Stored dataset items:
*** Begin section ***
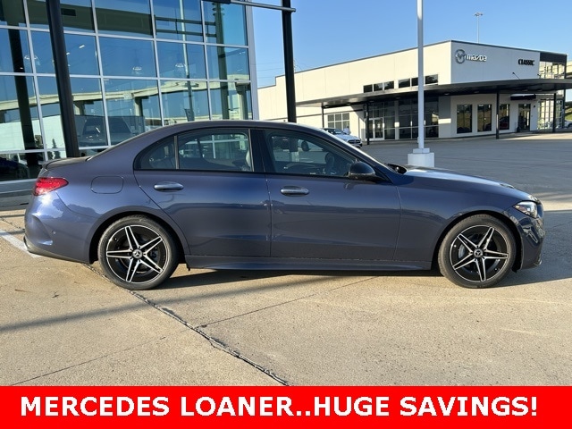 This 2024 Mercedes-Benz C-Class comes equipped with the following features 11.9" Center Touchscreen Display, 18" 5-Spoke Wheels, 4-Wheel Disc Brakes, 5 Speakers, ABS brakes, Air Conditioning, Alloy wheels, AM/FM radio: SiriusXM, Anti-whiplash front head restraints, Apple CarPlay®/Android Auto®, Auto High-beam Headlights, Auto tilt-away steering wheel, Auto-dimming door mirrors, Auto-dimming Rear-View mirror, Automatic temperature control, Brake assist, Bumpers: body-color, Child-Seat-Sensing Airbag, Compass, Delay-off headlights, Driver door bin, Driver vanity mirror, Dual front impact airbags, Dual front side impact airbags, Electronic Stability Control, Emergency communication system: Mercedes-Benz Emergency Call Service, Exterior Parking Camera Rear, Four wheel independent suspension, Front anti-roll bar, Front Bucket Seats, Front Center Armrest, Front dual zone A/C, Front reading lights, Fully automatic headlights, Garage door transmitter: HomeLink, Genuine wood dashboard insert, Head restraints memory, Heated door mirrors, Heated front seats, Illuminated entry, Knee airbag, Leather steering wheel, Low tire pressure warning, Lumbar Support, MB-Tex Upholstery, Memory seat, Occupant sensing airbag, Outside temperature display, Overhead airbag, Overhead console, Panic alarm, Passenger door bin, Passenger vanity mirror, Power adjustable front head restraints, Power door mirrors, Power driver seat, Power Heated Front Seats w/Memory, Power moonroof, Power passenger seat, Power steering, Power windows, Premium audio system: MBUX, Radio data system, Radio: FrontBass 5-Speaker Audio System, Rain sensing wipers, Rear anti-roll bar, Rear fog lights, Rear reading lights, Rear seat center armrest, Rear window defroster, Remote keyless entry, Security system, SiriusXM Satellite Radio, Speed control, Speed-sensing steering, Split folding rear seat, Steering wheel memory, Steering wheel mounted audio controls, Tachometer, Telescoping steering wheel, Tilt steering wheel, Traction control, Trip computer, Turn signal indicator mirrors, Variably intermittent wipers, and Weather band radio. Clean CARFAX. 2024 Mercedes-Benz C-Class C 300 RWD 2.0L I4 Turbocharged
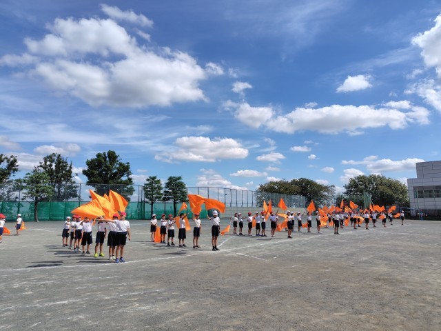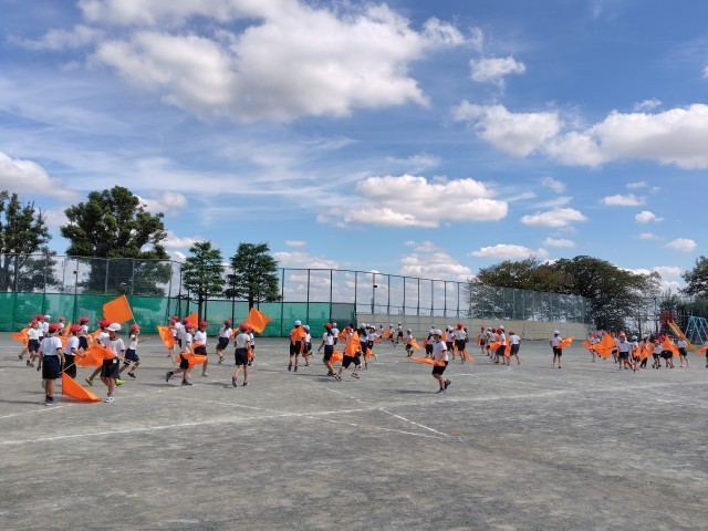 爽やかな秋晴れの校庭で運動会の練習です。ようやく暑さも峠を越え、穏やかな風もあり、絶好の練習コンディションです。
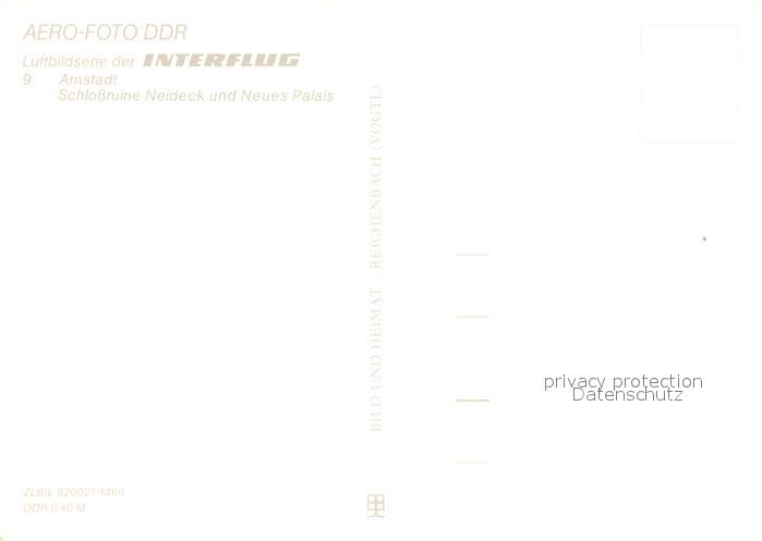 73162554 Arnstadt Ilm Schlossruine Neideck und Neues Palais Luftbildserie der Interflug postalisch nicht gelaufen Erhaltung siehe scans [FriedD77] KatCode: 11110016070004
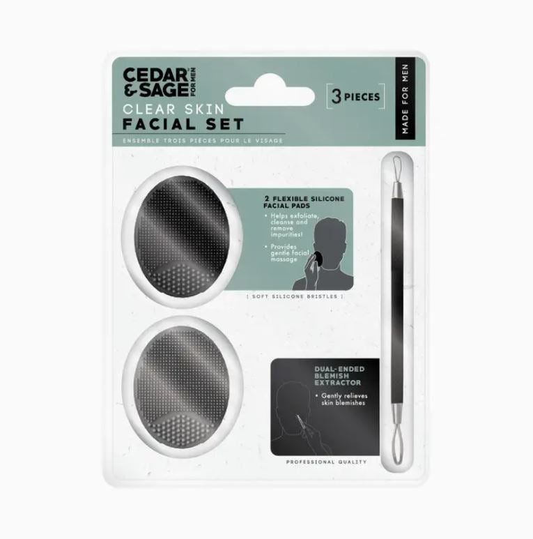 The Cedar & Sage Clear Skin Facial Set of 3 for Men includes a facial pad with soft, flexible bristles that effectively remove dead skin cells and impurities over time. Made of silicone, the pad is durable yet gentle, making it suitable for daily use in your skincare routine. Additionally, the dual-ended blemish extractor is a versatile tool for targeting stubborn blemishes and promoting clearer skin.
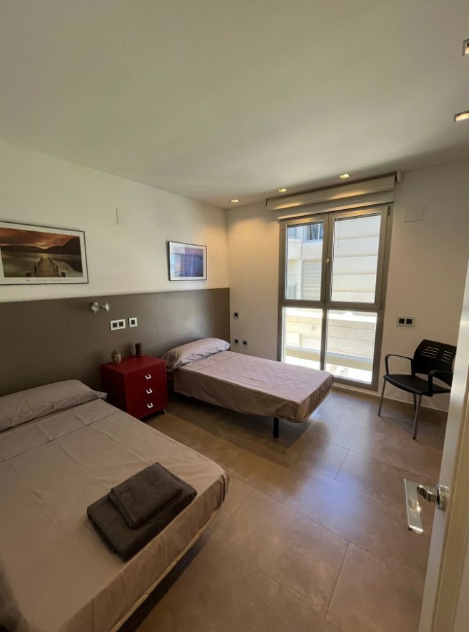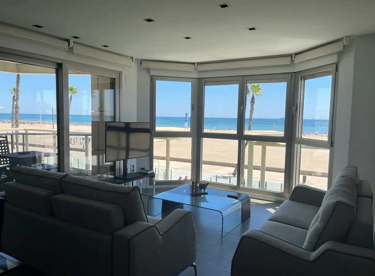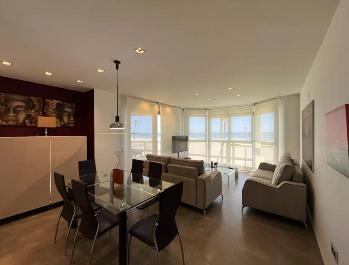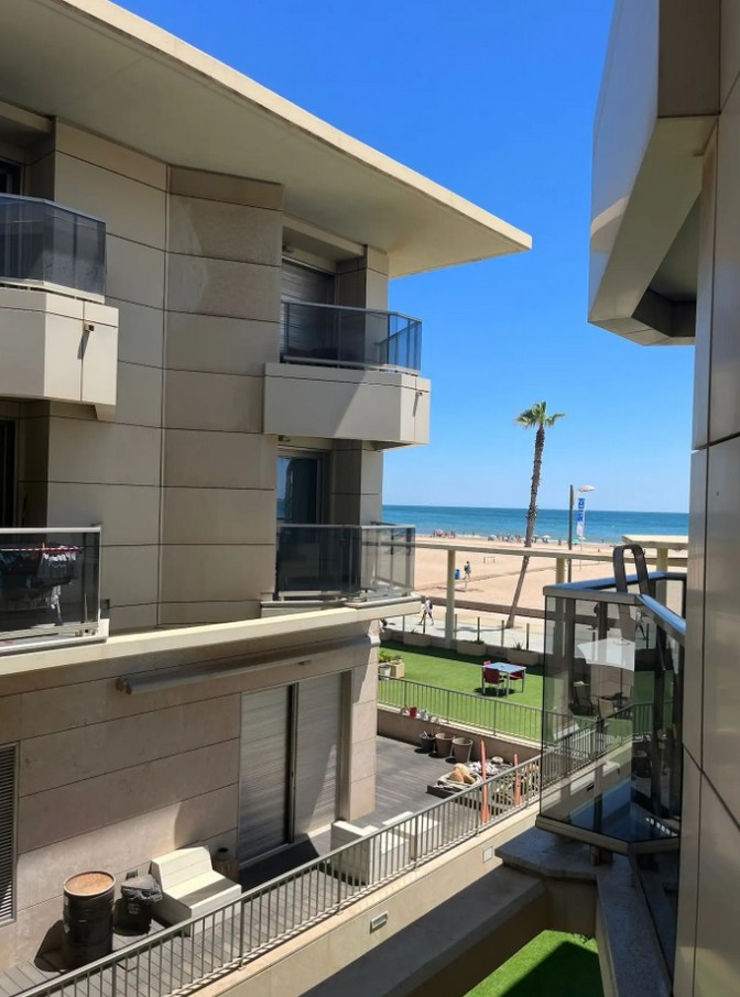 VISTAS DIRECTAS AL MAR. En este apartamento podrás disfrutar unos fabulosos días de playa con tu familia o amigos y relajarte mirando el mar desde casa. El apartamento cuenta con todas las comodidades: wifi, aire acondicionado, PARKING GRATUITO, lavadora, lavavajillas, plancha, tostadora, cafetera, etc. Dispone de transporte público en la avenida, supermercados cerca, paseos en bici, restaurantes, chiringuitos, etc. El apartamento está situado en la primera planta, con vistas directas al mar desde el salón, terraza y dormitorio principal. Cuenta con 2 habitaciones -una de matrimonio y otra con dos camas individuales-, 2 baños -uno dentro de la habitación principal, cocina, grandes armarios y unas magnificas vistas al paseo y al mar. También hay PARKING GRATUITO subterráneo incluido en las instalaciones. El edificio cuenta con una zona ajardinada comunitaria junto al paseo donde poder relajarse, sentarse a leer o comer. También cuenta con una ducha para quitarse la arena antes de subir al apartamento y baños en planta baja.
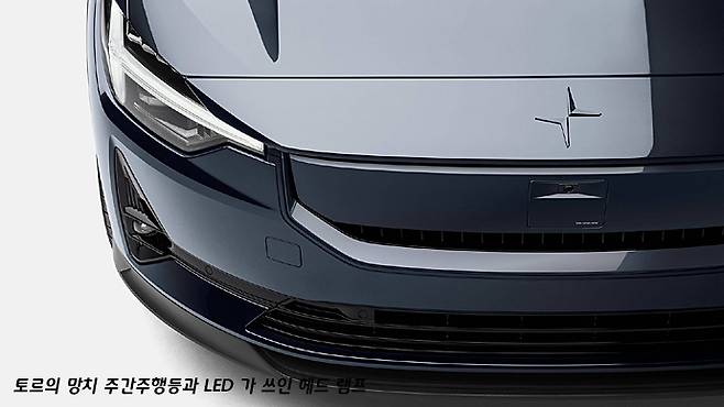 폴스타2의 앞 모습에서는 장방형의 라디에이터 그릴 프레임과 일명 토르의 망치라고 불리는 옆으로 누운 T 형태의 주간주행등이 눈에 들어옵니다. 이 주간주행등 디자인은 폴스타 브랜드의 모기업 볼보에서 유래된 것인데요, 그걸 쓰면서도 폴스타는 볼보와의 연관을 약간 부정하는 듯한 인상을 줍니다.
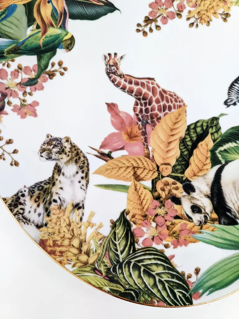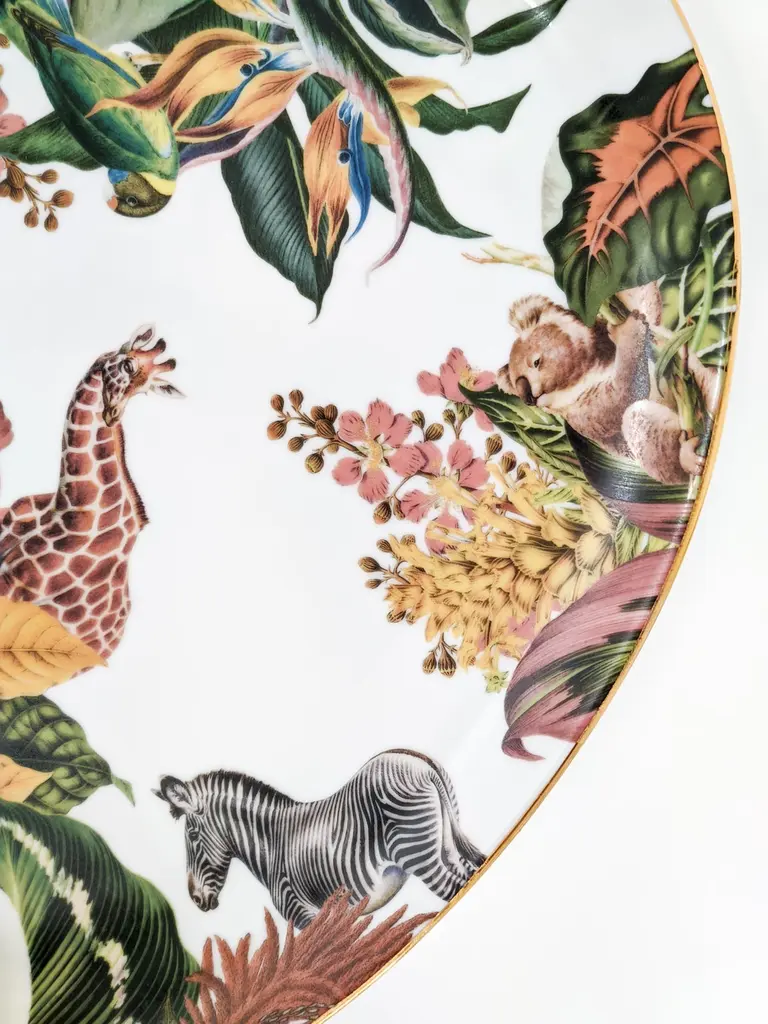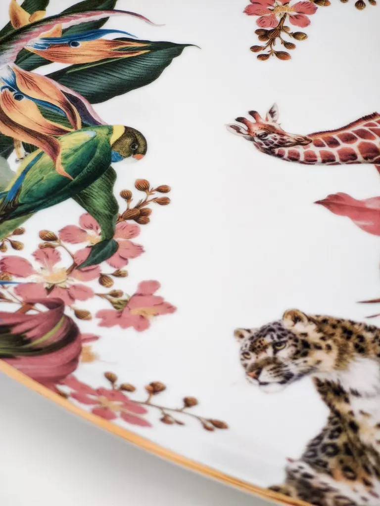 This 28x38cm oval tray is part of Animalia collection by Grand Tour by Vito Nesta. The classic and versatile shape is a must-have inside any home to embellish a table or beautify a wall. The rich design of tropical flowers hides several peeping animals.
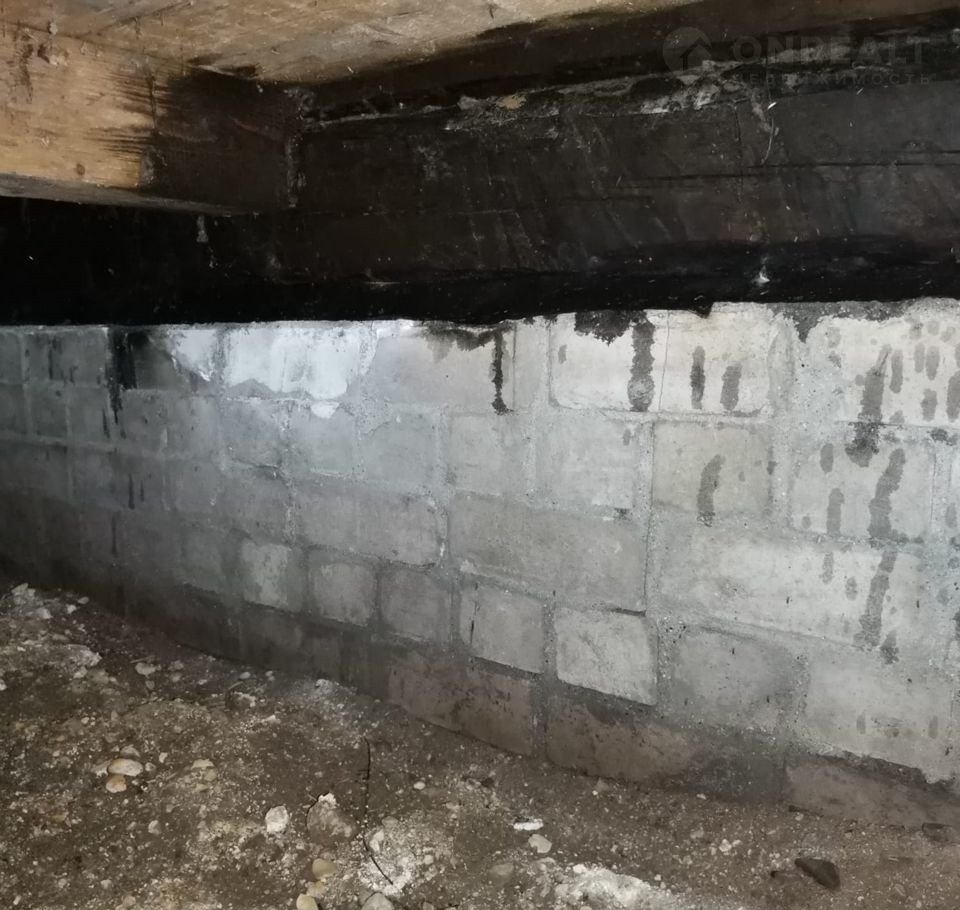 Фундамент ленточный. Поднят на кирпичи.
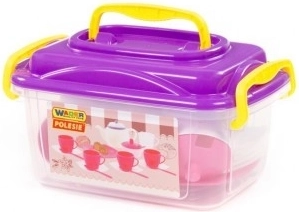 - Theepot; suikerpot met deksel; melkkannetje; 4 kopjes; 4 schoteltjes; 1 bordje; 5 theelepels
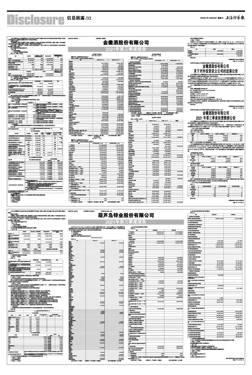 葫芦岛锌业股份有限公司2021年第三季度报告
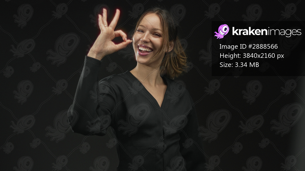Young smiling woman making ok sign with raised hand and visible teeth wearing black blouse in black studio lit by soft light; joy optimism.
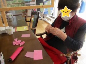 今日は花紙で桜の飾りを作って下さいました!
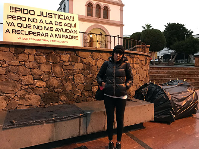 Elisabeth González Montesdeoca, vecina de Puerto del Rosario, de 37 años y madre de dos hijos de 19 y 17 años, lleva dos días en huelga de hambre junto a la Plaza de la Iglesia para reclamar justicia para cuidar a su padre.
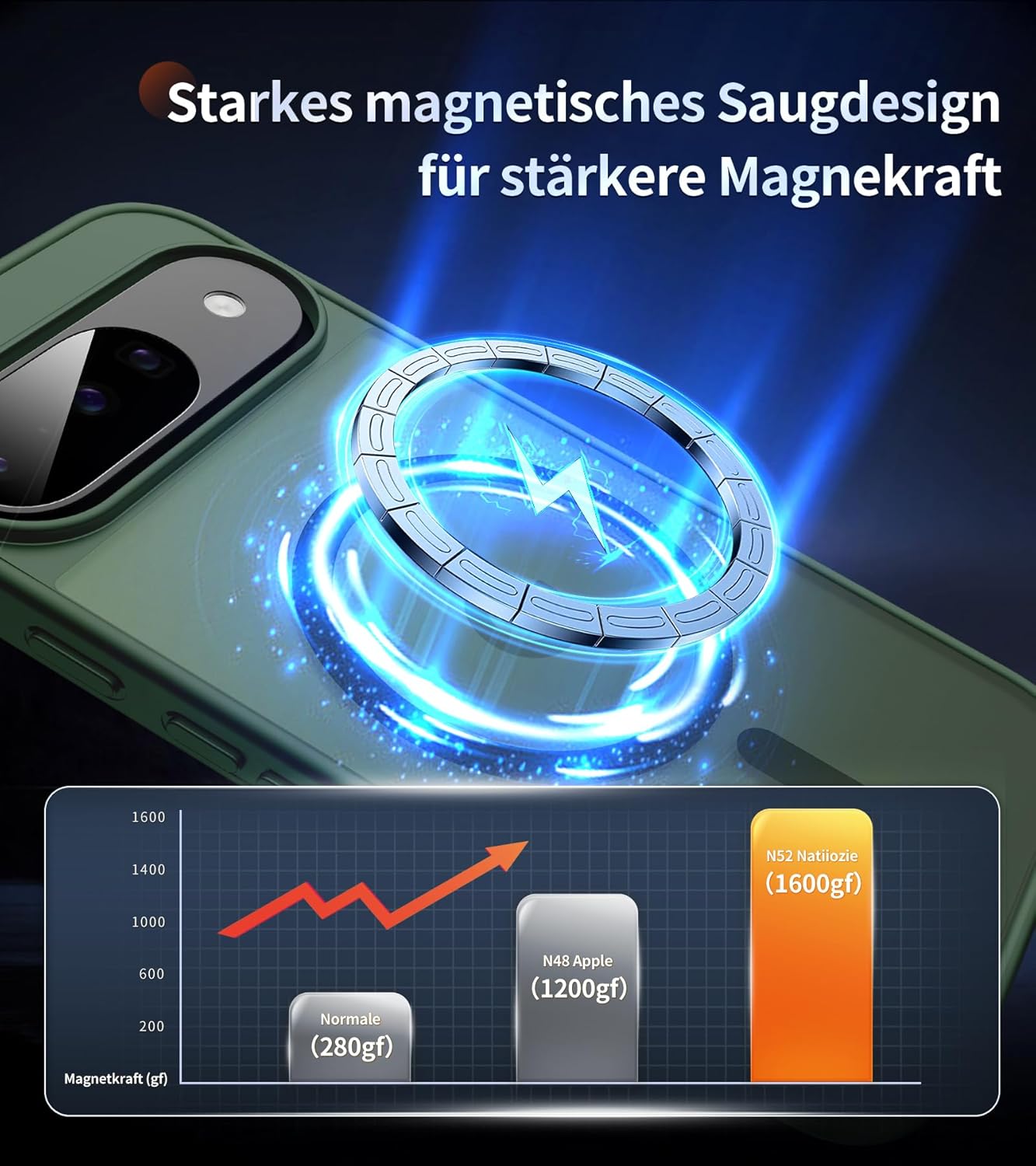 • Силна магнитна сила: мощните вградени магнити в калъфа могат да укрепят магнитната връзка и да осигурят автоматично подравняване, за да направят зареждането с MagSafe по-бързо и безопасно от преди. Съвместим е с всички аксесоари на MagSafe, като портфейл, държач за пръстени и външна батерия. Независимо дали сте в ежедневието или пътувате, винаги можете да се насладите на практичността, която калъфът предлага.
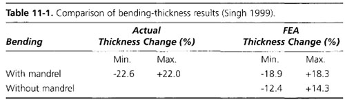 從表11-1可以看出,預測的FEA厚度變化與實際測量值比較好。
*** End section ***
* Work to complete
Images stay out, but the rest of the records must be retyped exactly.

* Answer box
 This 2024 Mercedes-Benz C-Class comes equipped with the following features 11.9" Center Touchscreen Display, 18" 5-Spoke Wheels, 4-Wheel Disc Brakes, 5 Speakers, ABS brakes, Air Conditioning, Alloy wheels, AM/FM radio: SiriusXM, Anti-whiplash front head restraints, Apple CarPlay®/Android Auto®, Auto High-beam Headlights, Auto tilt-away steering wheel, Auto-dimming door mirrors, Auto-dimming Rear-View mirror, Automatic temperature control, Brake assist, Bumpers: body-color, Child-Seat-Sensing Airbag, Compass, Delay-off headlights, Driver door bin, Driver vanity mirror, Dual front impact airbags, Dual front side impact airbags, Electronic Stability Control, Emergency communication system: Mercedes-Benz Emergency Call Service, Exterior Parking Camera Rear, Four wheel independent suspension, Front anti-roll bar, Front Bucket Seats, Front Center Armrest, Front dual zone A/C, Front reading lights, Fully automatic headlights, Garage door transmitter: HomeLink, Genuine wood dashboard insert, Head restraints memory, Heated door mirrors, Heated front seats, Illuminated entry, Knee airbag, Leather steering wheel, Low tire pressure warning, Lumbar Support, MB-Tex Upholstery, Memory seat, Occupant sensing airbag, Outside temperature display, Overhead airbag, Overhead console, Panic alarm, Passenger door bin, Passenger vanity mirror, Power adjustable front head restraints, Power door mirrors, Power driver seat, Power Heated Front Seats w/Memory, Power moonroof, Power passenger seat, Power steering, Power windows, Premium audio system: MBUX, Radio data system, Radio: FrontBass 5-Speaker Audio System, Rain sensing wipers, Rear anti-roll bar, Rear fog lights, Rear reading lights, Rear seat center armrest, Rear window defroster, Remote keyless entry, Security system, SiriusXM Satellite Radio, Speed control, Speed-sensing steering, Split folding rear seat, Steering wheel memory, Steering wheel mounted audio controls, Tachometer, Telescoping steering wheel, Tilt steering wheel, Traction control, Trip computer, Turn signal indicator mirrors, Variably intermittent wipers, and Weather band radio. Clean CARFAX. 2024 Mercedes-Benz C-Class C 300 RWD 2.0L I4 Turbocharged
 爽やかな秋晴れの校庭で運動会の練習です。ようやく暑さも峠を越え、穏やかな風もあり、絶好の練習コンディションです。
 73162554 Arnstadt Ilm Schlossruine Neideck und Neues Palais Luftbildserie der Interflug postalisch nicht gelaufen Erhaltung siehe scans [FriedD77] KatCode: 11110016070004
 The Cedar & Sage Clear Skin Facial Set of 3 for Men includes a facial pad with soft, flexible bristles that effectively remove dead skin cells and impurities over time. Made of silicone, the pad is durable yet gentle, making it suitable for daily use in your skincare routine. Additionally, the dual-ended blemish extractor is a versatile tool for targeting stubborn blemishes and promoting clearer skin.
 VISTAS DIRECTAS AL MAR. En este apartamento podrás disfrutar unos fabulosos días de playa con tu familia o amigos y relajarte mirando el mar desde casa. El apartamento cuenta con todas las comodidades: wifi, aire acondicionado, PARKING GRATUITO, lavadora, lavavajillas, plancha, tostadora, cafetera, etc. Dispone de transporte público en la avenida, supermercados cerca, paseos en bici, restaurantes, chiringuitos, etc. El apartamento está situado en la primera planta, con vistas directas al mar desde el salón, terraza y dormitorio principal. Cuenta con 2 habitaciones -una de matrimonio y otra con dos camas individuales-, 2 baños -uno dentro de la habitación principal, cocina, grandes armarios y unas magnificas vistas al paseo y al mar. También hay PARKING GRATUITO subterráneo incluido en las instalaciones. El edificio cuenta con una zona ajardinada comunitaria junto al paseo donde poder relajarse, sentarse a leer o comer. También cuenta con una ducha para quitarse la arena antes de subir al apartamento y baños en planta baja.
 폴스타2의 앞 모습에서는 장방형의 라디에이터 그릴 프레임과 일명 토르의 망치라고 불리는 옆으로 누운 T 형태의 주간주행등이 눈에 들어옵니다. 이 주간주행등 디자인은 폴스타 브랜드의 모기업 볼보에서 유래된 것인데요, 그걸 쓰면서도 폴스타는 볼보와의 연관을 약간 부정하는 듯한 인상을 줍니다.
 This 28x38cm oval tray is part of Animalia collection by Grand Tour by Vito Nesta. The classic and versatile shape is a must-have inside any home to embellish a table or beautify a wall. The rich design of tropical flowers hides several peeping animals.
 Фундамент ленточный. Поднят на кирпичи.
 - Theepot; suikerpot met deksel; melkkannetje; 4 kopjes; 4 schoteltjes; 1 bordje; 5 theelepels
 葫芦岛锌业股份有限公司2021年第三季度报告
Young smiling woman making ok sign with raised hand and visible teeth wearing black blouse in black studio lit by soft light; joy optimism.
 今日は花紙で桜の飾りを作って下さいました!
 Elisabeth González Montesdeoca, vecina de Puerto del Rosario, de 37 años y madre de dos hijos de 19 y 17 años, lleva dos días en huelga de hambre junto a la Plaza de la Iglesia para reclamar justicia para cuidar a su padre.
 • Силна магнитна сила: мощните вградени магнити в калъфа могат да укрепят магнитната връзка и да осигурят автоматично подравняване, за да направят зареждането с MagSafe по-бързо и безопасно от преди. Съвместим е с всички аксесоари на MagSafe, като портфейл, държач за пръстени и външна батерия. Независимо дали сте в ежедневието или пътувате, винаги можете да се насладите на практичността, която калъфът предлага.
 從表11-1可以看出,預測的FEA厚度變化與實際測量值比較好。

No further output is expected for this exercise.